Rick Rothstein
04-26-2012, 10:26 AM
.
*CORRECTED CODE AS OF JULY 31, 2014 (See Message #6 For Details) ****
The InStr function is a handy tool. It will return the character position of text that is embedded within a larger text string. And while this is handy, the function is useless for finding words as stand-alone words in the text. Let's say you had this text string...
TextString = "Don't tell me, but your name is Don, right?"
and you wanted to find the character position of the name Don in that text. If you used the InStr function like this...
MsgBox InStr(TextString, "Don")
It would return the number 1 because it would find the letters "Don" inside the word "Don't" and never look further into the text to see if Don existed as a stand-alone word or not. Even using InStr's optional arguments and having it perform a binary search would not help because the letter casing for the first 3 characters of "Don't" is the same a for the name "Don". Here is a function which can be called from your VB code or which can be used as a UDF on a worksheet, if desired, that will find text as stand-alone words that are not embedded as part of other words...

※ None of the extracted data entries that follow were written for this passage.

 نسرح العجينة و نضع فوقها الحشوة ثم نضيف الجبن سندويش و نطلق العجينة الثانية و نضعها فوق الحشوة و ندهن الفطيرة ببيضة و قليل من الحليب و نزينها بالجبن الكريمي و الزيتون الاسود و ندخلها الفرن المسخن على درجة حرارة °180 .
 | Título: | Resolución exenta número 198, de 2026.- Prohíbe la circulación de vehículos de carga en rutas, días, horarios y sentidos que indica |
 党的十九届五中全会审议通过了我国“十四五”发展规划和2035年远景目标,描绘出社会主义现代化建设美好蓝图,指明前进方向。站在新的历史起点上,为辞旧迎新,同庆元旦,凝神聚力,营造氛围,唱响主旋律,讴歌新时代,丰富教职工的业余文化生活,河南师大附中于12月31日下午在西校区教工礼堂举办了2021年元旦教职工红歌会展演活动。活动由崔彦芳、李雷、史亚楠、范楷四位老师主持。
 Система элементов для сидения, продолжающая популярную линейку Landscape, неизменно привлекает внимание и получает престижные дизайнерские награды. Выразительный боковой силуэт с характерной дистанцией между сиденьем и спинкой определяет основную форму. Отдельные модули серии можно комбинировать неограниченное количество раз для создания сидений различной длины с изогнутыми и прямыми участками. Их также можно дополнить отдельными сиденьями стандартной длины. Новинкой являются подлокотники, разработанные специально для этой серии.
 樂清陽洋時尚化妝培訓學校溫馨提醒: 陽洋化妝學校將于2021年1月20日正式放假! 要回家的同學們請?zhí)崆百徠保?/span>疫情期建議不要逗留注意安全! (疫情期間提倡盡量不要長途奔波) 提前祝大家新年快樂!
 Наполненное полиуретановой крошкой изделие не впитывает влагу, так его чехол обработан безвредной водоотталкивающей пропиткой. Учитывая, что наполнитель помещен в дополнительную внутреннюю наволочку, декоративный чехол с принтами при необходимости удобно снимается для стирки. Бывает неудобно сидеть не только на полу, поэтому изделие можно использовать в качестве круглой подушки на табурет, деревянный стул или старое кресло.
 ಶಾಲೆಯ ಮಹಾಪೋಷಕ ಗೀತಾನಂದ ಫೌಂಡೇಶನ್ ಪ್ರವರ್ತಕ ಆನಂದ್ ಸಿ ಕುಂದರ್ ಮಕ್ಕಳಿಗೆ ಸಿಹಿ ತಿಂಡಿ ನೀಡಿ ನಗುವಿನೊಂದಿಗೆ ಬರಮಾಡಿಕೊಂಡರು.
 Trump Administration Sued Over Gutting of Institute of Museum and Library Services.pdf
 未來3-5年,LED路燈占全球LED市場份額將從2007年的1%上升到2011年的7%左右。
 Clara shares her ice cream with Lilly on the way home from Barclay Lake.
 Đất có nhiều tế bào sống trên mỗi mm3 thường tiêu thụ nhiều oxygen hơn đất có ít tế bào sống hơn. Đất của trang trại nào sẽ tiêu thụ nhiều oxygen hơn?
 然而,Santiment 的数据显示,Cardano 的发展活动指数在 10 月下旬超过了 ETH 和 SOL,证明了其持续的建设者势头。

Function InStrExact(Start As Long, SourceText As String, WordToFind As String, _
Optional CaseSensitive As Boolean = False, _
Optional AllowAccentedCharacters As Boolean = False) As Long
Dim x As Long, Str1 As String, Str2 As String, Pattern As String
Const UpperAccentsOnly As String = "ÇÉÑ"
Const UpperAndLowerAccents As String = "ÇÉÑçéñ"
If CaseSensitive Then
Str1 = SourceText
Str2 = WordToFind
Pattern = "[!A-Za-z0-9]"
If AllowAccentedCharacters Then Pattern = Replace(Pattern, "!", "!" & UpperAndLowerAccents)
Else
Str1 = UCase(SourceText)
Str2 = UCase(WordToFind)
Pattern = "[!A-Z0-9]"
If AllowAccentedCharacters Then Pattern = Replace(Pattern, "!", "!" & UpperAccentsOnly)
End If
For x = Start To Len(Str1) - Len(Str2) + 1
If Mid(" " & Str1 & " ", x, Len(Str2) + 2) Like Pattern & Str2 & Pattern _
And Not Mid(Str1, x) Like Str2 & "'[" & Mid(Pattern, 3) & "*" Then
InStrExact = x
Exit Function
End If
Next
End Function
This function takes three required arguments and provides for two additional optional arguments. The first argument, named Start, is required and lets you set the starting character number for the search to begin at (use 1 to start the search at the first character). The second argument, named SourceText, is required and is the text to look for the word in. The third argument, named WordToFind, is required and, as the name indicates, is the word whose position you want to locate. The fourth argument, named CaseSensitive, is optional and allows you to make the search case sensitive or not (the default is FALSE representing a case insensitive search). The fifth argument, named AllowAccentedCharacters, is optional and allows certain accented letters to be considered as being part of a word (the default is False meaning only normal ASCII characters can make up the word). For example, with the default value of False, the word "resumé" would never be found because the accented "e" (é) would be considered a non-letter. Setting the fifth argument to True would allow the function to find the word "resumé". I only allowed for three accented letters "ç", "é" and "ñ" (in both lower and upper case), but you can add more if you wish by modifying the UpperAccentsOnly and UpperAndLowerAccents constants (the Const statements at the beginning of the code).
HOW TO INSTALL UDFs
------------------------------------
If you are new to UDFs, they are easy to install and use. To install it, simply press ALT+F11 to go into the VB editor and, once there, click Insert/Module on its menu bar, then copy/paste the above code into the code window that just opened up. That's it.... you are done. You can now use InStrExact just like it was a built-in Excel function. For example,
=InStrExact(1,A1,B1)
*CORRECTED CODE AS OF JULY 31, 2014 (See Message #6 For Details) ****
The InStr function is a handy tool. It will return the character position of text that is embedded within a larger text string. And while this is handy, the function is useless for finding words as stand-alone words in the text. Let's say you had this text string...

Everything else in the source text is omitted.